Q1: Comments to author(s). First provide a summary of the paper, and then address the following criteria: Quality, clarity, originality and significance. (For detailed reviewing guidelines, see http://nips.cc/PaperInformation/ReviewerInstructions)
The paper "Bandits with unobs. confounders: a causal approach" addresses the problem of bandit learning. It is assumed that in the observational setting, the player's decision is influenced by some unobserved context. If we randomize the player's decision, however, this intention is lost. The key idea is now that, using the available data from both scenarios, one can infer whether one should overrule the player's intention. Ultimately, this leads to the following strategy: observe the player's intention and then decide whether he should act accordingly or pull the other arm.

I like the problem the paper addresses and the way it approaches it.

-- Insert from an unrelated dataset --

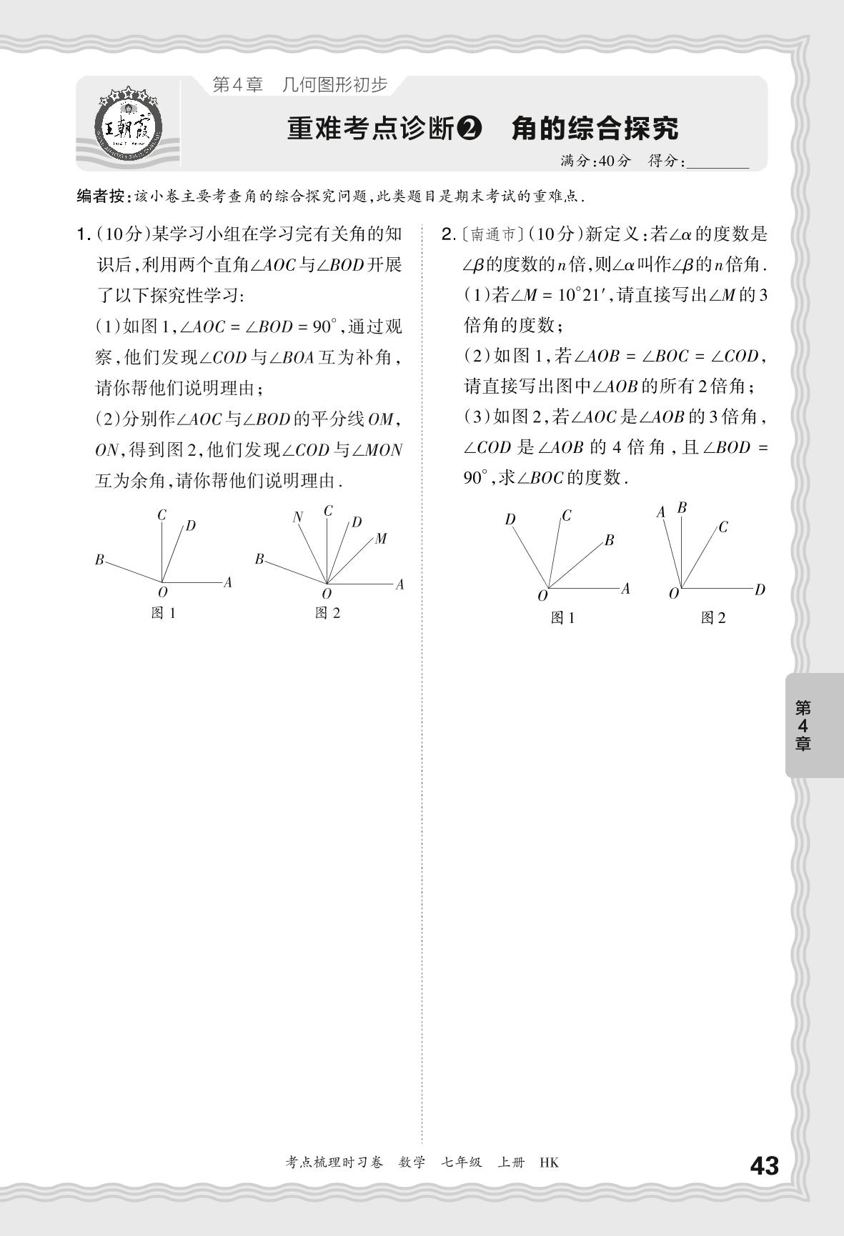 2024秋上册七年级数学沪科版 第4章 重难考点诊断 角的综合探究【2】

Although I would have liked to do so, however, I cannot strongly recommend the acceptance of this paper due to

1) it contains almost no material beyond an idea 2) limitations to bivariate variables? 3) method is not properly compared to contextual bandits, experiments available only on two artificial toy data sets

I definitely encourage the authors to continue this line of research and provide a more thorough discussion of this problem.

- the key idea seems to be (7), which computes a counterfactual statement from observational and interventional data. unfortunately, this is already known (e.g. "What Counterfactuals Can Be Tested" Shpitser, Pearl, p.353).

- also, i am not sure how the idea generalizes to variables with more than 2 states (i.e., #arms and/or pay-off). it is known that in general, counterfactuals cannot be inferred from obs. and int. data. This seems to be a major limitation that is not discussed properly.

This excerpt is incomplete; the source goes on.